La vedova, Agata Aurichella, il padre Stefano, le sorelle di Fichera, Carmela e Agata, si sfogano davanti alla tomba di Sebastiano: per loro ad averlo ucciso sono i suoi stessi “amici” attribuissero con certezza la responsabilità del delitto agli stessi “amici”. Quelli che in alcune conversazioni chiamano i “compagni” o i  “parenti alla lontana“: ad uccidere sarebbe stata la sua stessa “squadra“. “Quelli che lui credeva che erano amici ed invece erano un pugno di traditori, questo si ci deve scrivere” – commentano parlando della scritta da apporre alla lapide. “E’ tanto tempo che era nella lista, non da poco” – dicono ancora. Insomma per i familiari il piano di uccidere Fichera non era stato deciso all’improvviso ma già da tempo. E tutto per “gelosia“, o meglio per “invidia” (così come si legge in un murale che si trova in una parete del quartiere San Giorgio e dedicato proprio al boss ucciso). Fichera, come già detto, non avrebbe versato al clan la dovuta percentuale dei guadagni dal traffico di droga e come affiliato di non aver sostenuto economicamente i detenuti. Le lamentele arrivano anche dallo zio Franco Castorina, recluso in carcere: “Ha tradito tutti! Cornuto e sbirro … “. Ma la vedova non era d’accordo: “Ma dove se li è mangiati questi soldi. Quanti soldi ha mandato alle persone! …A quello compragli i vestiti, a quello mettigli i soldi alla posta a quello portagli 500 euro per l’avvocato“. Nelle intercettazioni spunta il nome di Biagio, che per gli investigatori è il capomafia degli Sciuto: l’auspicio dei parenti della vittima è che la pagasse cara (“la sedia elettrica”).

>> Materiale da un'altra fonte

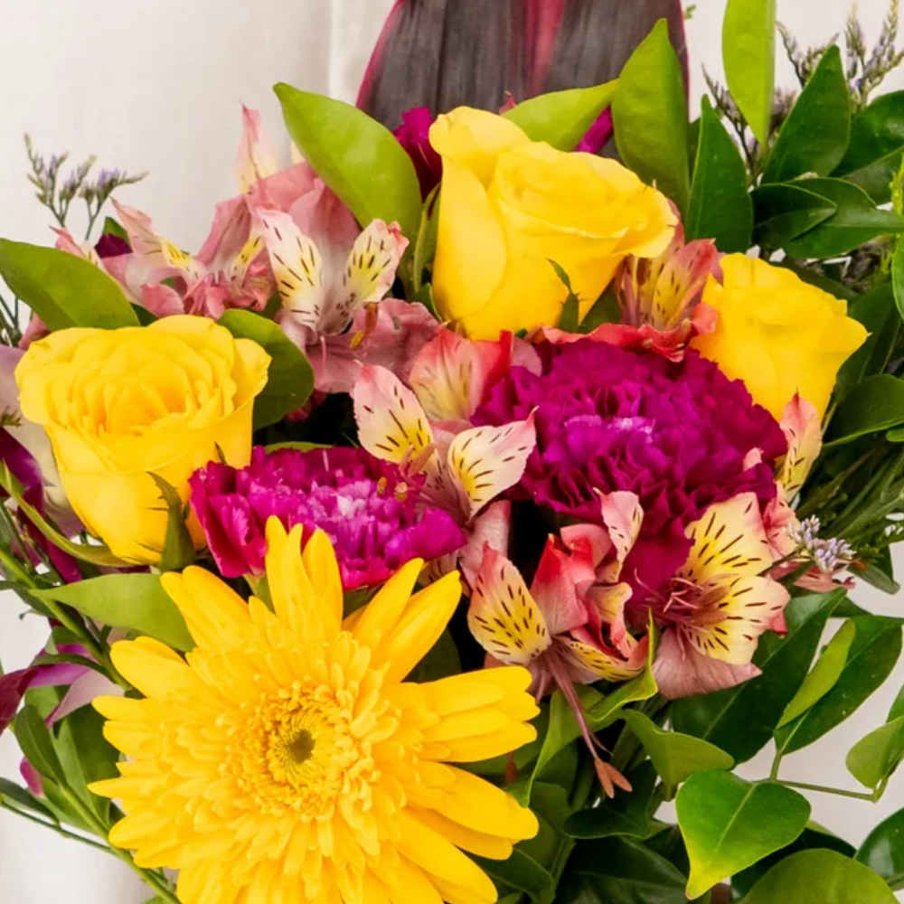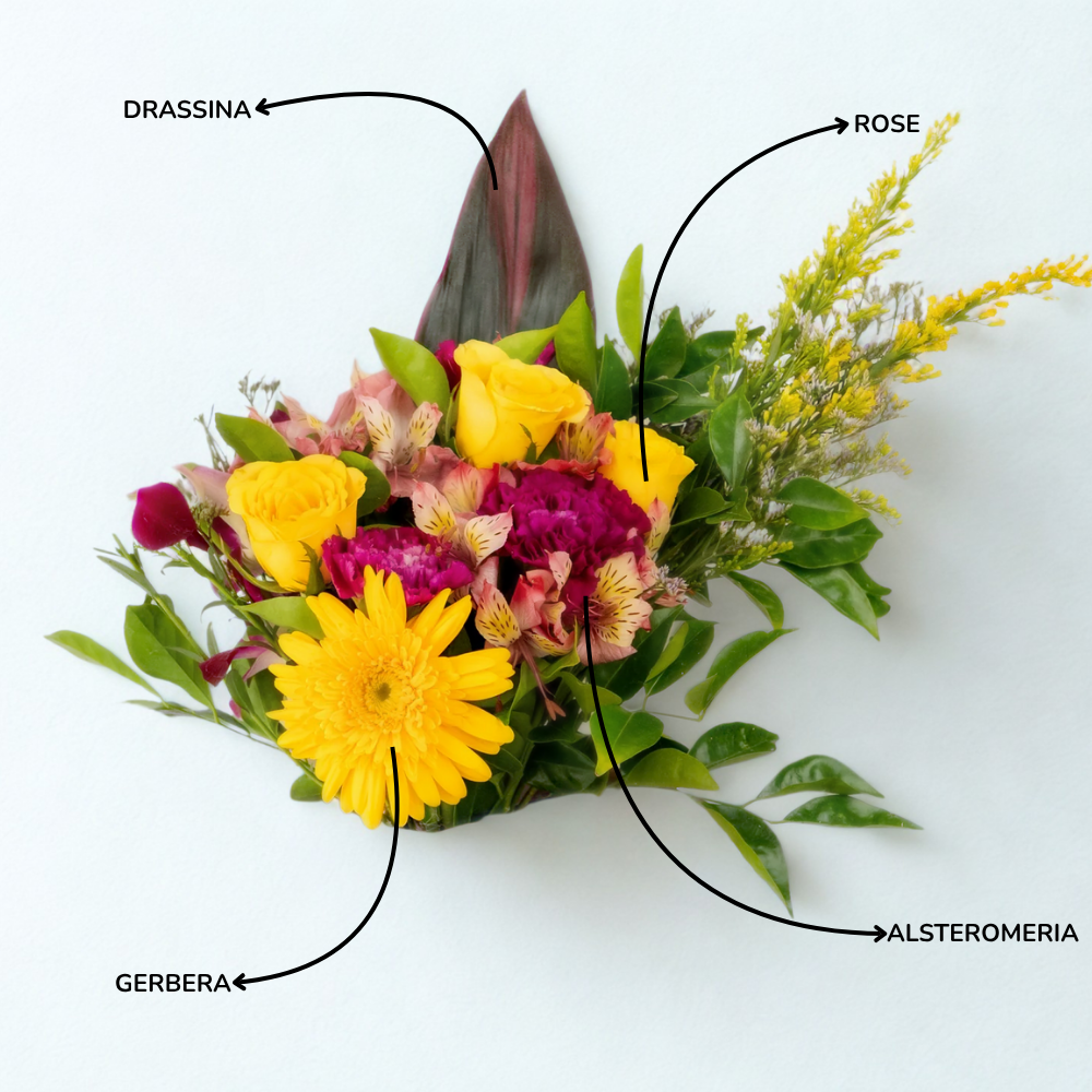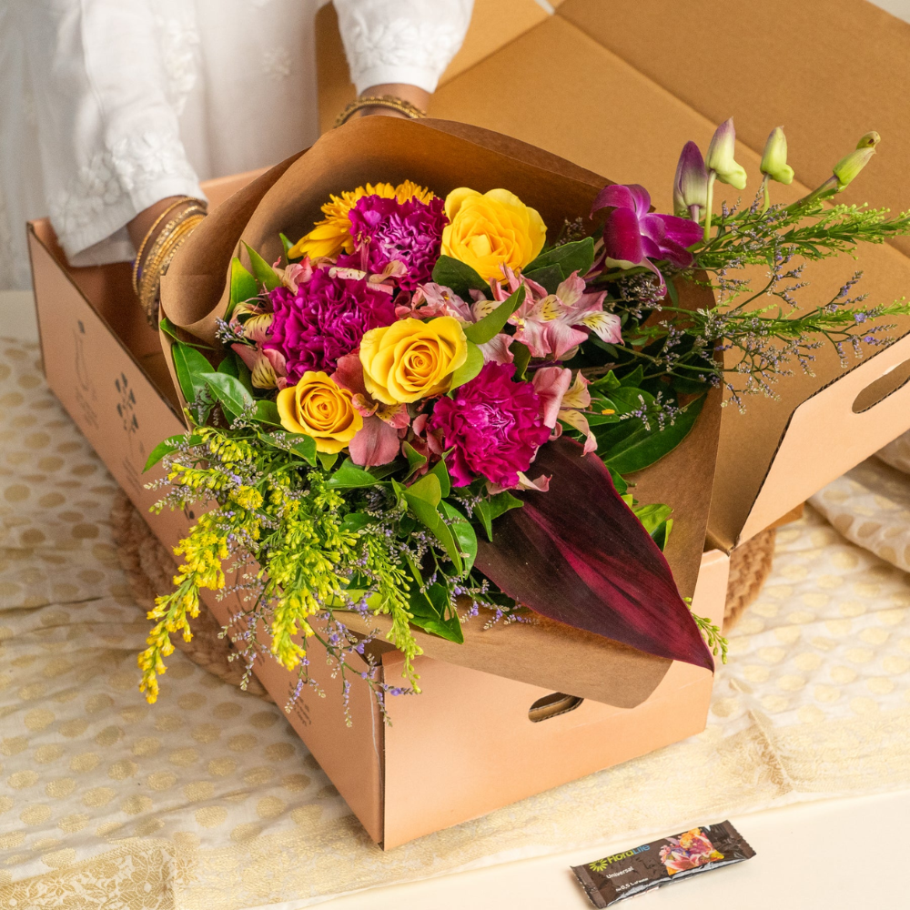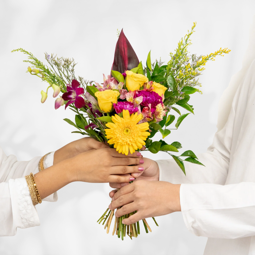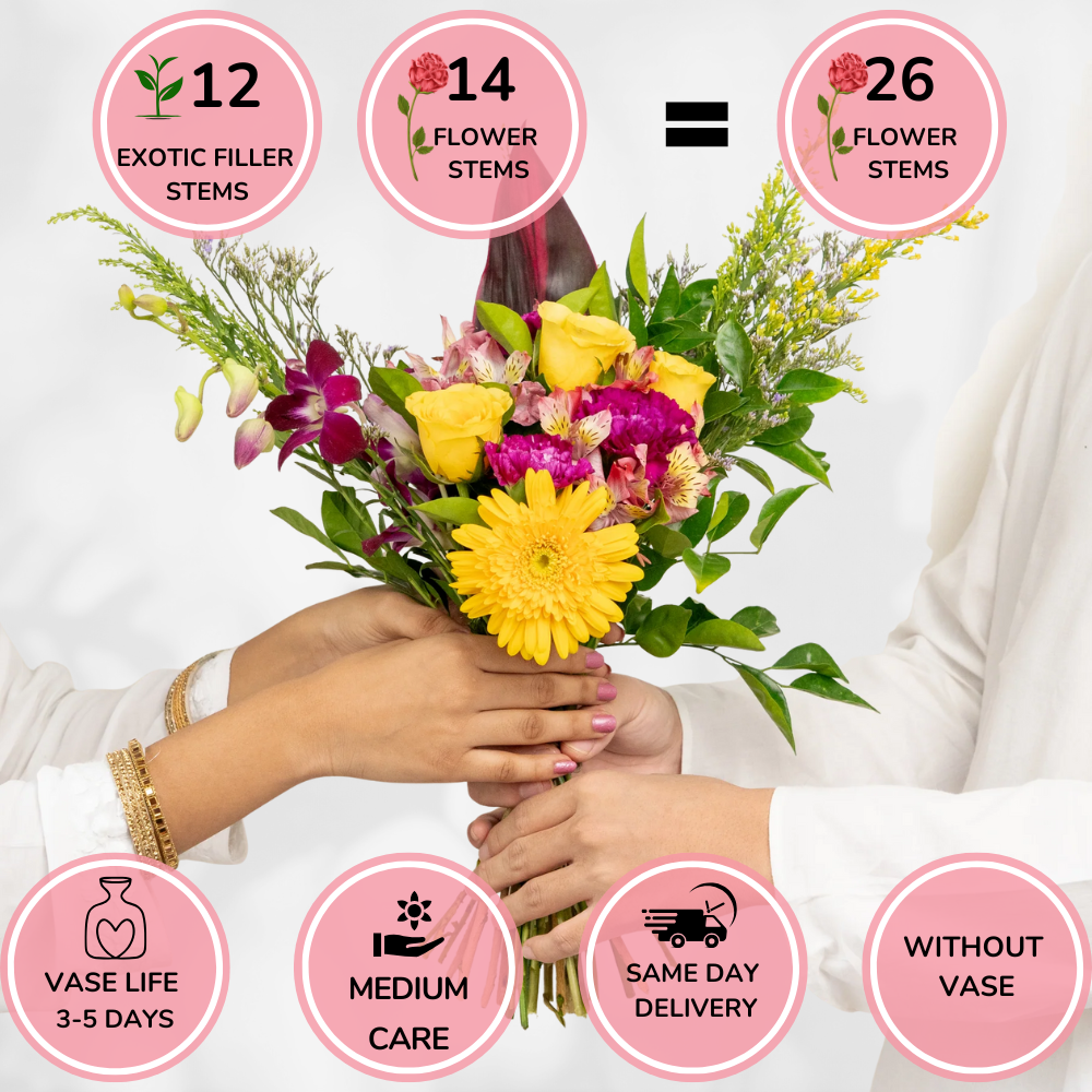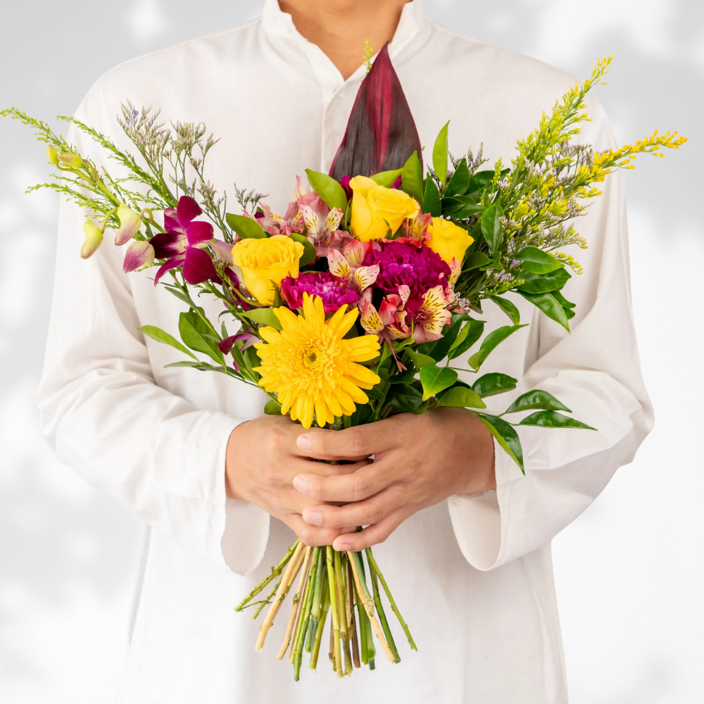 Celebrate the joyous occasion with our enchanting mini bouquet featuring Purple Orchids, Carnations, and Gerberas. The vibrant hues of these blooms beautifully complement the cherished bond between siblings, making this thoughtful gift a perfect expression of love and affection on this special day.
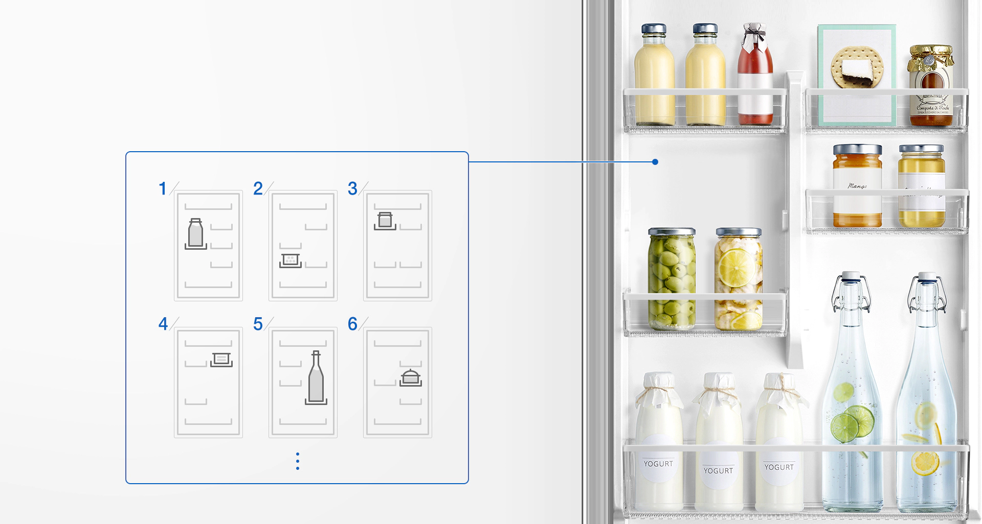 Регулируемые дверные полки Настройте пространство в двери холодильника с помощью 4 дверных съемных полок, которые позволяют легко приспособить их для хранения ёмкостей самых разных размеров. Возможность регулировать их по высоте позволяет использовать пространство по максимуму.
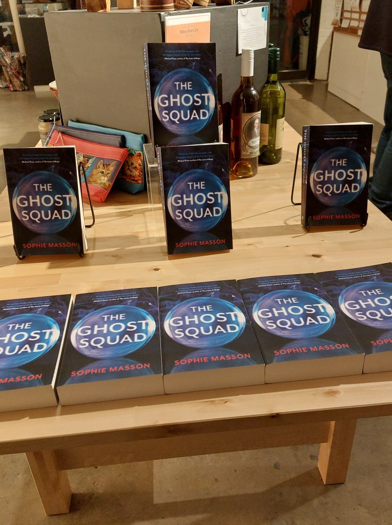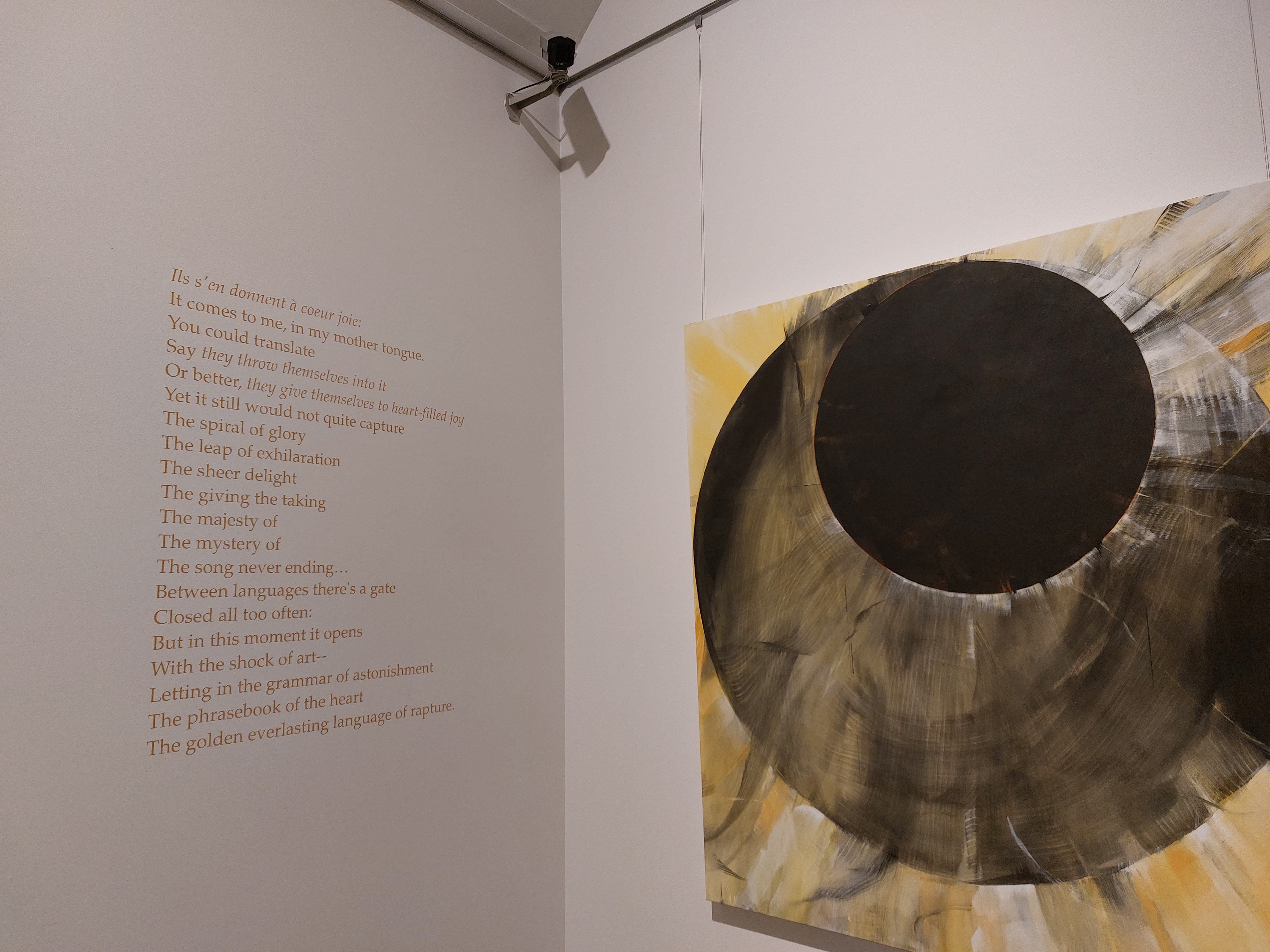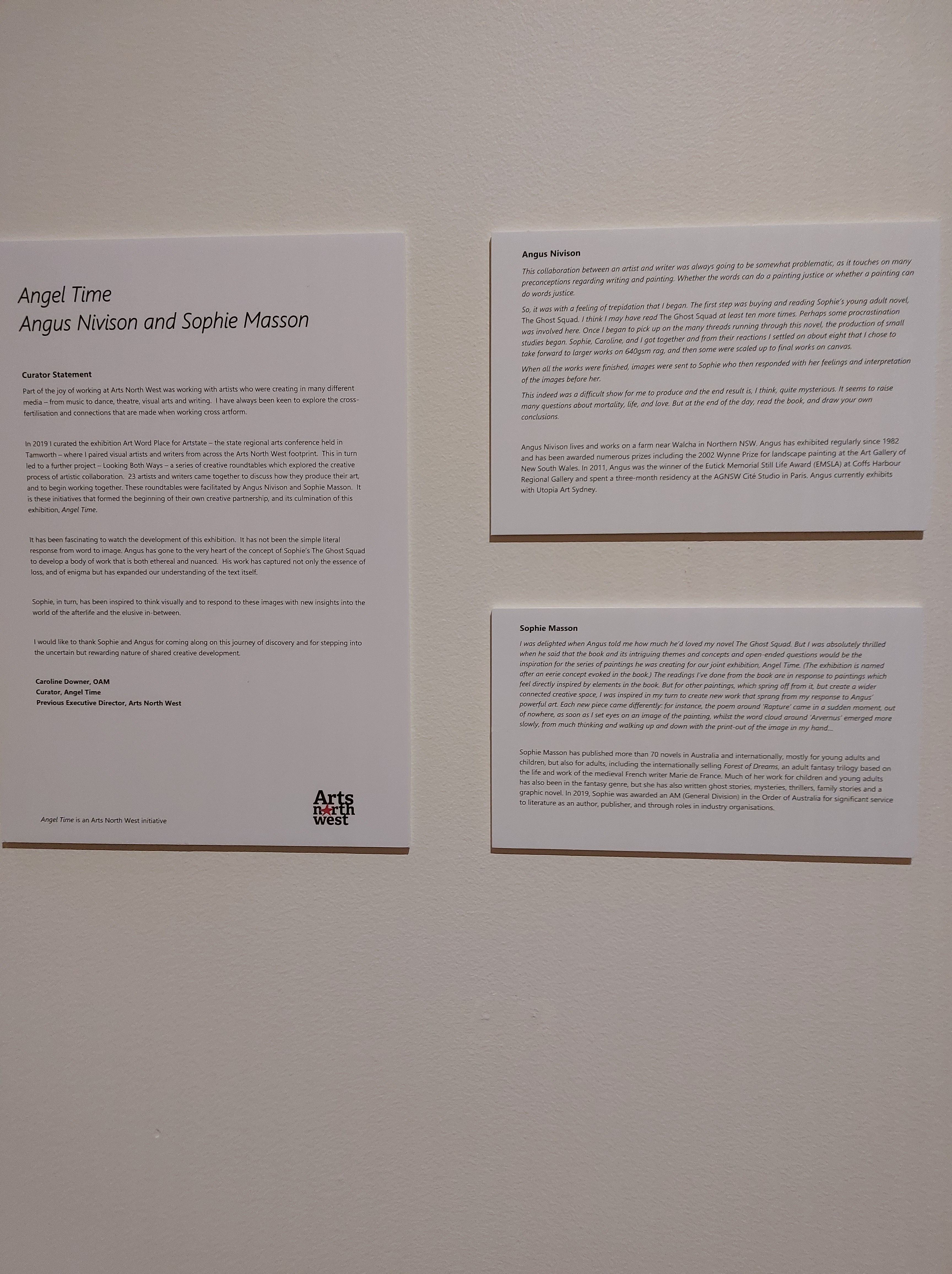 Last night was the opening of my Angel Time exhibition with the wonderful painter Angus Nivison, at the New England Regional Art Museum in Armidale. It was so exciting to see it up: it looks absolutely wonderful, so gorgeously and imaginatively displayed, immersive and extraordinary, my words and Angus’ striking, haunting artworks flowing in and out of each other beautifully. As well as my poems, song lyrics and prose fragment displayed on the walls next to the paintings they are inspired by, there are several audio readings, accessible via QR codes, of extracts from my novel The Ghost Squad which directly inspired others of Angus’ paintings, and also a ‘word cloud’ which is projected onto translucent hangings: looks so spookily effective! There was a big, interested crowd present and lots of great comments–people were really intrigued by it. The exhibition is on till August 28, so lots of opportunities for people to see it! Below are some pics from the exhibition.

Davanti alla lapide di Sebastiano Fichera, il 14 novembre 2008, si presenta il killer e reggente dei Cappello Sebastiano Lo Giudice insieme al suo fedelissimo Antonino Stuppia. Una “visita” al cimitero avvenuta 40 minuti dopo l’assassinio di Giacomo Spalletta, il presunto mandante dell’agguato a Ianu. Poche parole, il bacio alla vedova e non appena il boss lascia il camposanto un mormorio rivolto alla tomba che non sfugge alle cimici della Squadra Mobile: “Ora c’è chi ti fa compagnia!